Canadian atheists propose to publish advertisements with this message on the sides of Toronto buses: “There is probably no God. Now stop worrying and enjoy your life.”
Nobody will be surprised to learn that the pious are annoyed but, as elsewhere, they contemplate seeking government intervention to stop the advertisements.
The Toronto-based Freethought Association of Canada won approval yesterday from the Toronto Transit Commission to place ads on buses and inside subway cars that read: “There is probably no God. Now stop worrying and enjoy your life.”
Charles McVety, president of the Canada Family Action Coalition, which fought against the legalization of same-sex marriages, said his group has not decided whether it will formally complain about the ads once they appear.
“On the surface, I’m all for free speech. … However, though, these are attack ads,” Dr. McVety, president of Canada Christian College in Toronto, said in an interview yesterday.
“These ads are not saying what the atheists believe, they are attacking what other people believe,” he said. “And if you look at the dictionary definition for … bigot, that’s exactly what it is, to be intolerant of someone else’s belief system.”

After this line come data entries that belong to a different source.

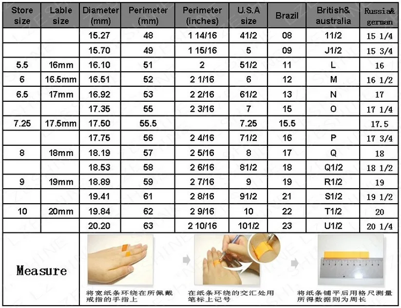 Размеры колец. Таблица соответствия: Китай, Россия, США, Европа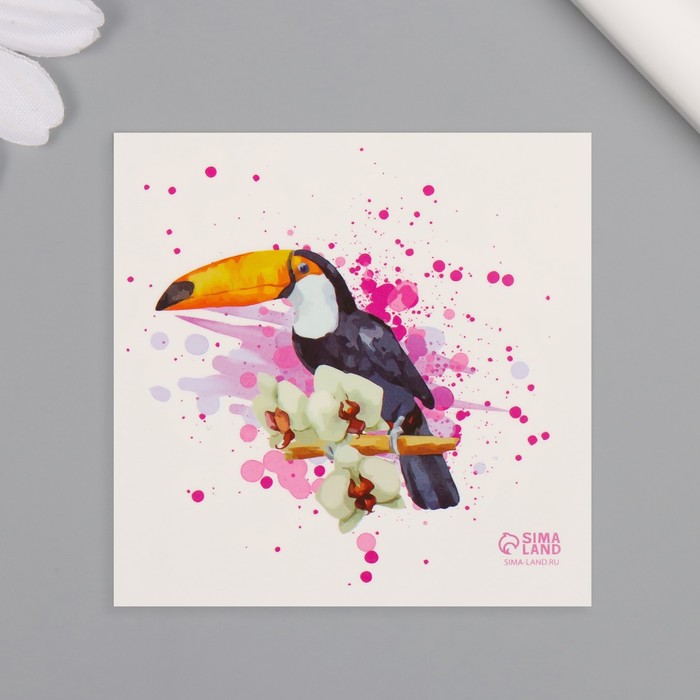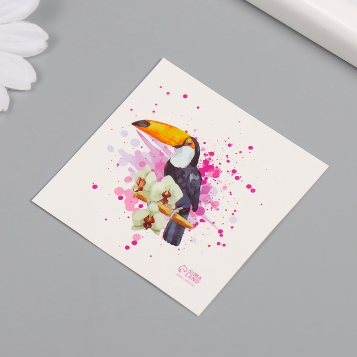 Легкость и самовыражение: Временная татуировка – это идеальный способ выразить себя без долгосрочных обязательств. Подчеркните свою индивидуальность с акварельным туканом и наслаждайтесь комплиментами окружающих!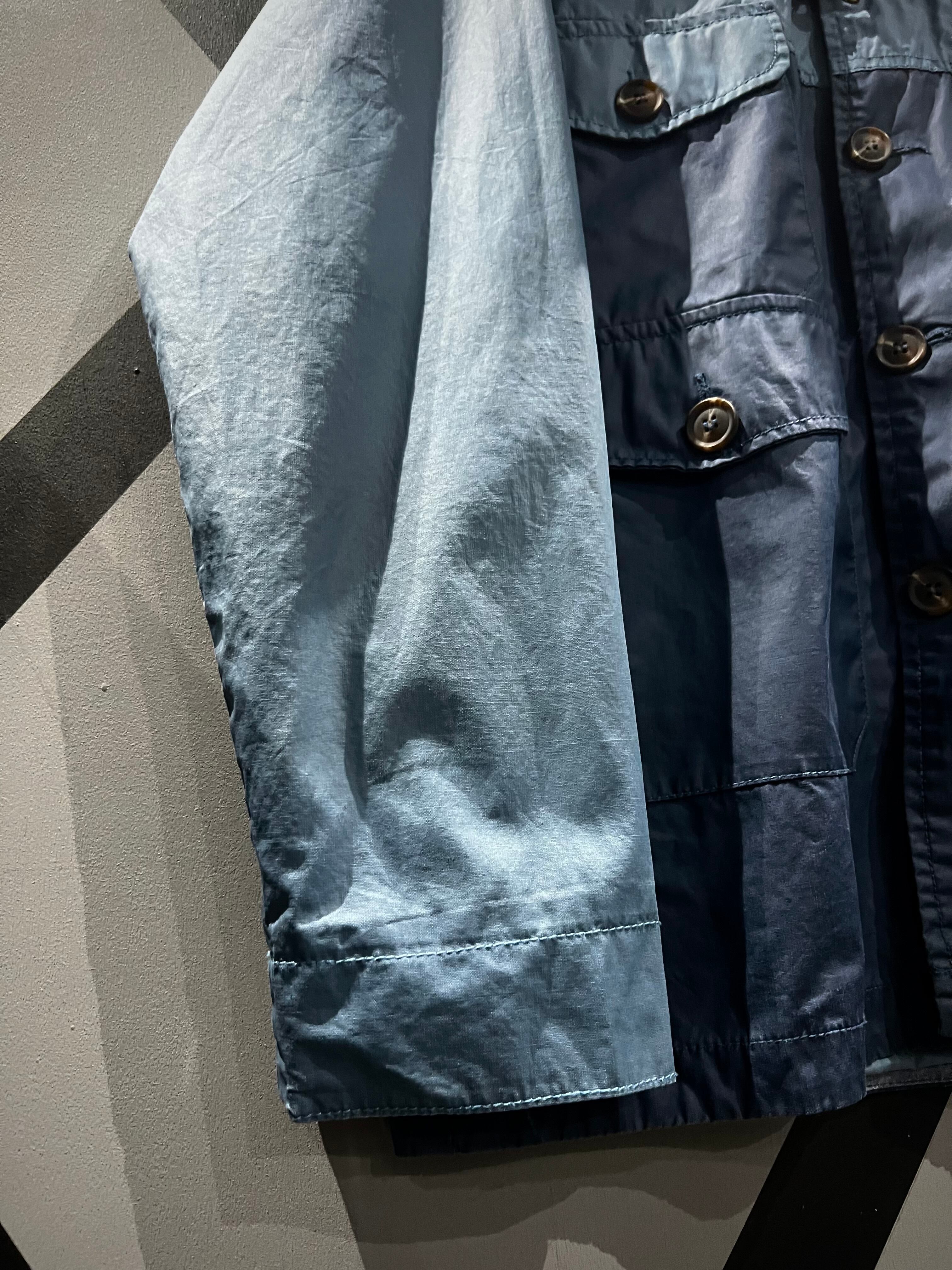 柔らかくタフなコットンを用いたボディを2トーンの青色で切り替え、そしてファイアーマンバックルのギミックを施したジャケット。
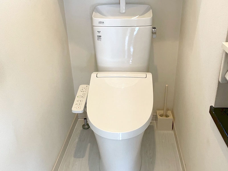 トイレ:LIXIL アメージュ便器(便座:LIXIL シャワートイレKB) フロアタイル:シンコール マットネラ ナラR(品番:RW-2250) |
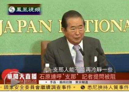 石原回答凤凰卫视记者提问时,不停说“支那”,当鳯凰台记者举手想追问,被日本记者俱乐部主持人阻止,不再给记者发言机会;石原于是又补充一句,“支那人应该冷静,能不能再冷静一些”。(中国台湾网 何建峰)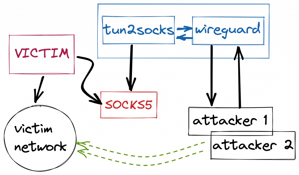 I built some infrastructure that you could deploy and use to easily tunnel from arbitrary sources over a proxy such as SOCKS, using anything that can run WireGuard. This is convenient in cases where it would be nicer to have a full network route to a target network (with working DNS) vs just having application specific proxy rules. In this post I’ll elaborate a bit on that idea. If you are just looking for the code you can find it here: https://github.com/sensepost/wiresocks.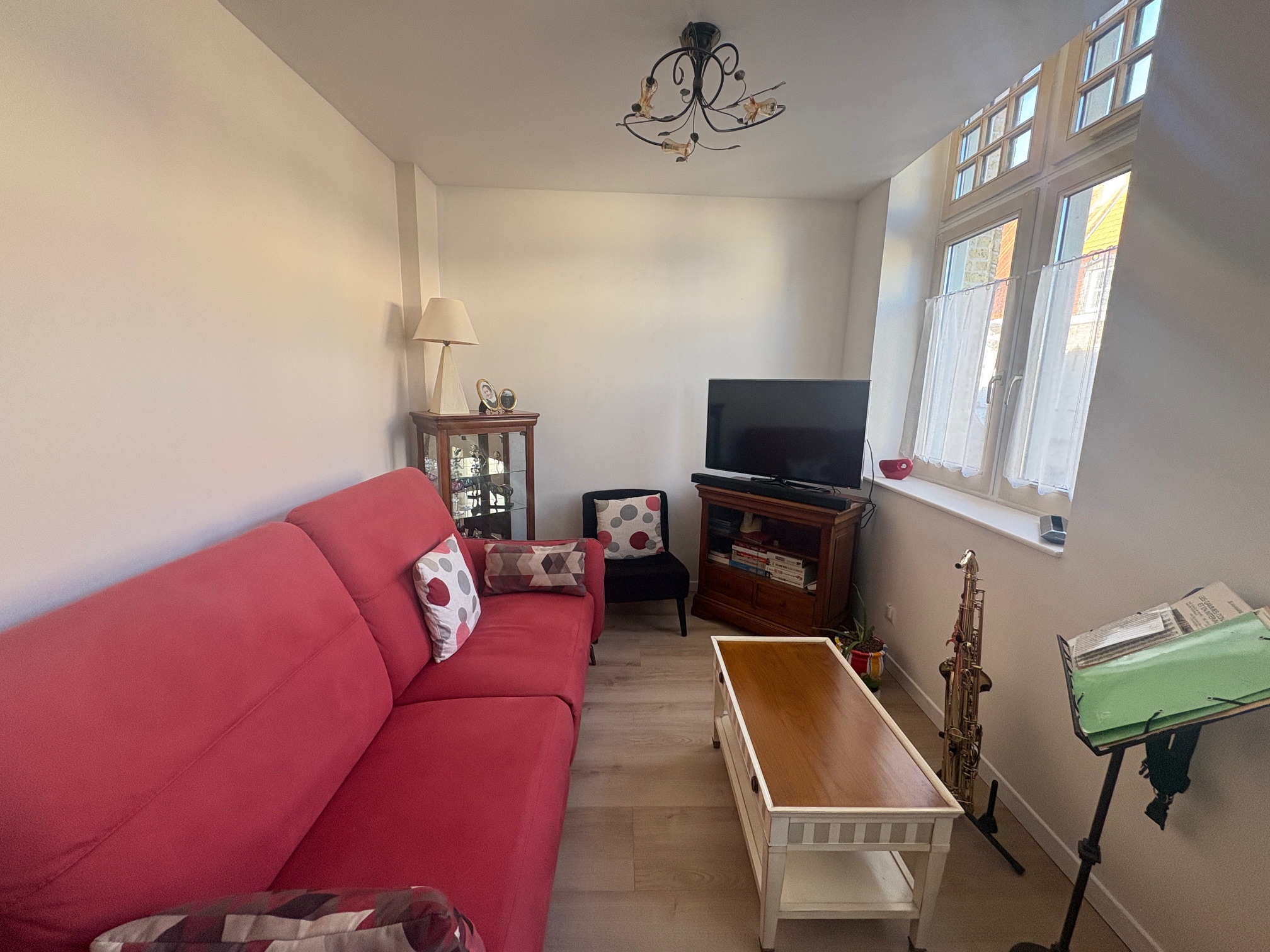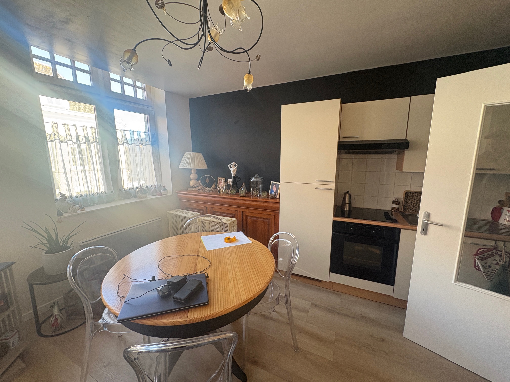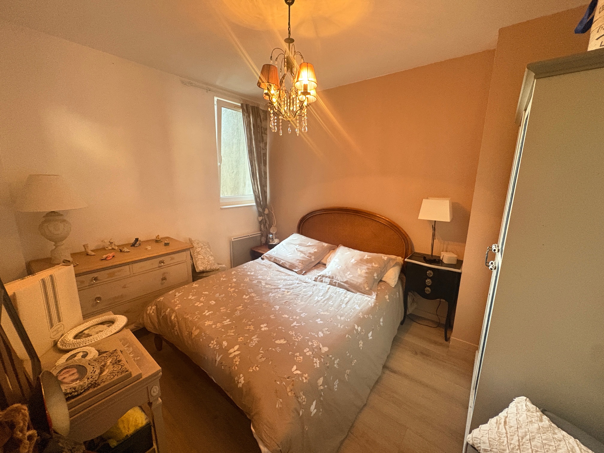 Offrant : Hall d’entrée, salon séjour ouvert sur cuisine aménagée équipée, WC, salle de bains, 1 chambre, C/C Electrique
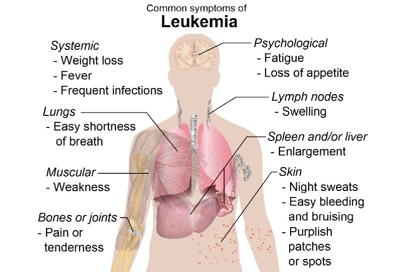 • may be chronic (usually adults) or acute (children) • treated with: § Radiation § Chemotherapy § Bone marrow transplants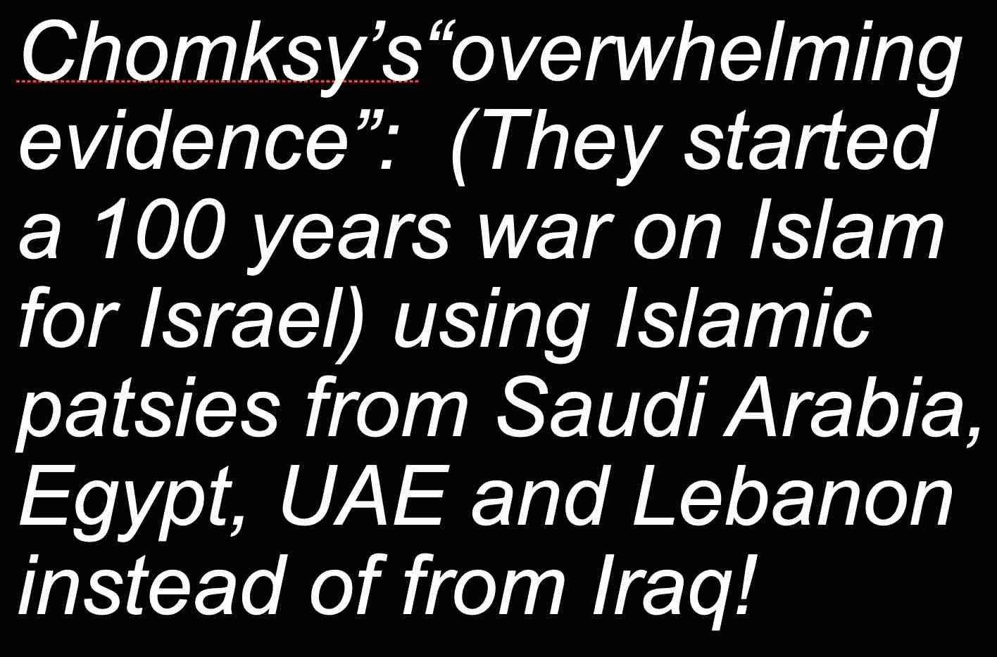 Chomsky is telling us that this is the main point he's used over and over and over to argue that in fact it couldn't have been an inside job: "because they would have used Iraqi hijackers." So he's just taking for granted that the entire purpose of 9/11 was to launch a war on Iraq, and that there would be no way you could launch a war on Iraq based on the public relations effect of a new Pearl Harbor, like 9/11, that had hijackers from Saudi Arabia—15 of them, as well as Egypt, the United Arab Emirates and Lebanon.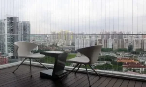 Invisible Grills is the system of installation of Stainless Steel Cables to cover windows, balconies or open areas of high rise buildings fully compliant with fire safety and evacuation norms.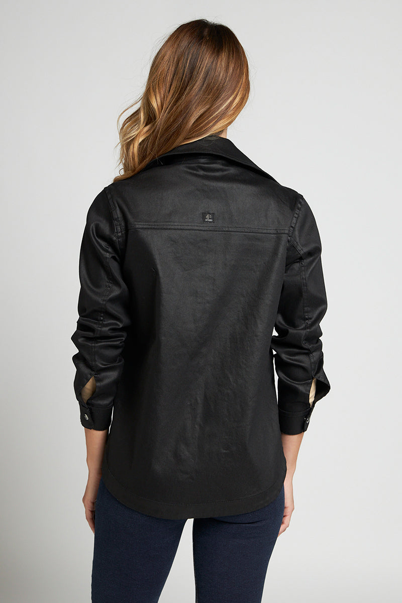 Sobre Camisa denim Utilitary con broches delanteros, color negro.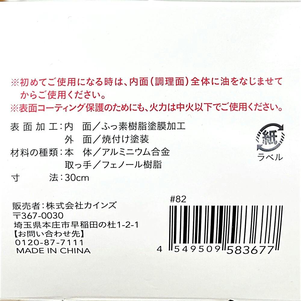 ガス火専用ふっ素コートフライパン 30cm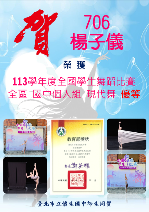本校 706 楊子儀參加113學年度全國學生舞蹈比賽 榮獲 全區 國中個人組 現代舞 優等。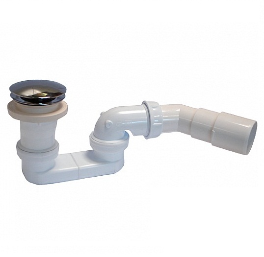 В КОРЗИНУСифон для поддонов Radaway под отверстие в поддоне 50 мм с автоматической пробкой клик-клак, самоочищающийся. Крышка пробки хромированная диаметром 70 мм, угол изгиба сливной трубы 135 град. Производитель Польша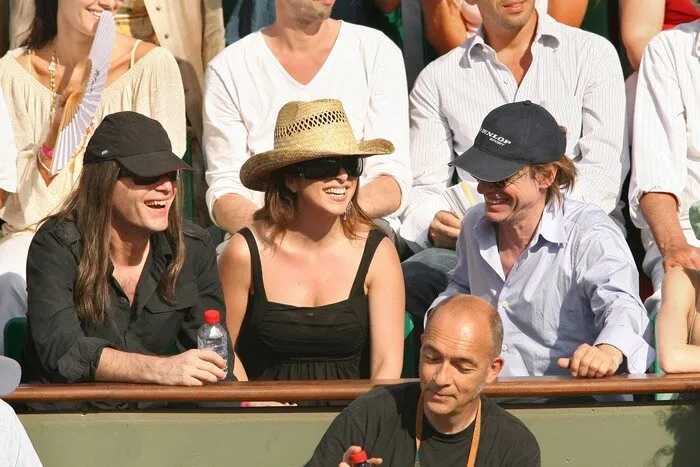 Hélène Ségara et son époux Mathieu Lecat lors d'un moment de complicité avec Jean-Louis Aubert à Roland-Garros en 2006.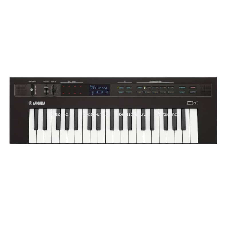 YAMAHA REFACE DX – это компактная модель синтезатора FM-синтеза из линейки Reface от знаменитого японского производителя. Модель отличается удобством и простотой управления, прекрасным звуком и впечатляющей динамикой. 37 мини-клавиш высокого качества, которые работают по технологии FS, применяемой также во флагманской модели Yamaha Motif XF, дают быстрый отклик и чрезвычайно естественные ощущения при игре. FM тон-генератор, используемый в этой модели, предусматривает 4 оператора с возможностью плавного регулирования, 12 различных алгоритмов и 32 запоминаемых тембра, которые легко сохранять и вызывать из памяти. 2 программируемых блока эффектов предоставляют 7 разных типов эффектов каждый. Модель оснащена высококачественной встроенной акустической системой, которая позволяет добиться потрясающей глубины и насыщенности звука. Повторитель фраз Phrase Looper позволяет записать свою музыку и затем проигрывать ее. Модель чрезвычайно мобильна: вес синтезатора YAMAHA REFACE DX – менее 2 кг, и он может работать без подключения к сети электропитания до 5 часов, используя батарейки типа АА. Широкие возможности коммутации предусматривают подключение USB, MIDI, два линейных выхода, выход на наушники, а также вход AUX.
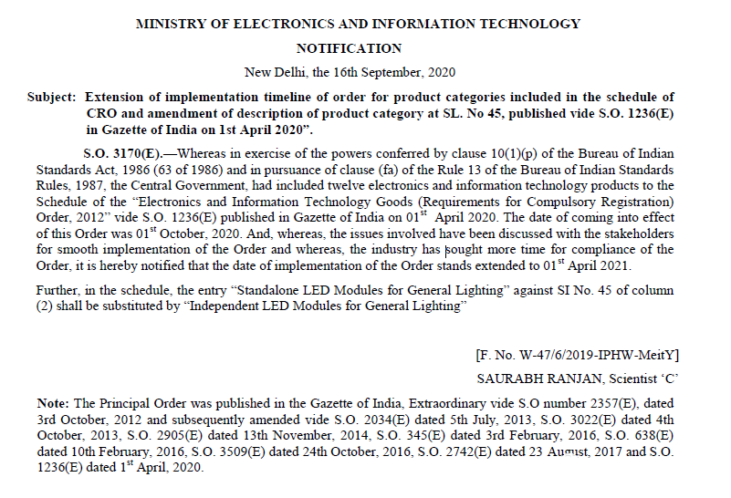 On September 16, 2020, BIS issued an official document, emphasizing the following: 1. The implementation time of the fourth batch of CRO compulsory certification products has been delayed MeitY decided to extend the implementation time of the fourth batch of CRO compulsory certification products from October 1, 2020 to April 1, 2021. 2. Amendment to the product description of item SI No. 45 The entry \"Standalone LED Modules for General Lighting\" in column (2) SI No.45 in the April 1, 2020 notice should be replaced with \"Independent LED Modules for General Lighting\".

But, of course, it’s a friendly message that skirts an attack upon anyone unless an expression of any view that anybody can disagree with may be construed as an attack.
The important thing to notice here is how quickly there is talk of recourse to force. This is why free speech guarantees are so important, and a glimpse into the sort of world we’ll live in if the theocratic ambitions of the contemporary Republican party are fulfilled.
Notice, too, the gross hypocrisy of the complaint or did I miss something? Is he agitating also for the removal of those billboards promising eternal hellfire to those who don’t cravenly grovel in church each Sunday morning?
Either everybody gets to speak his mind freely or, inevitably, nobody does.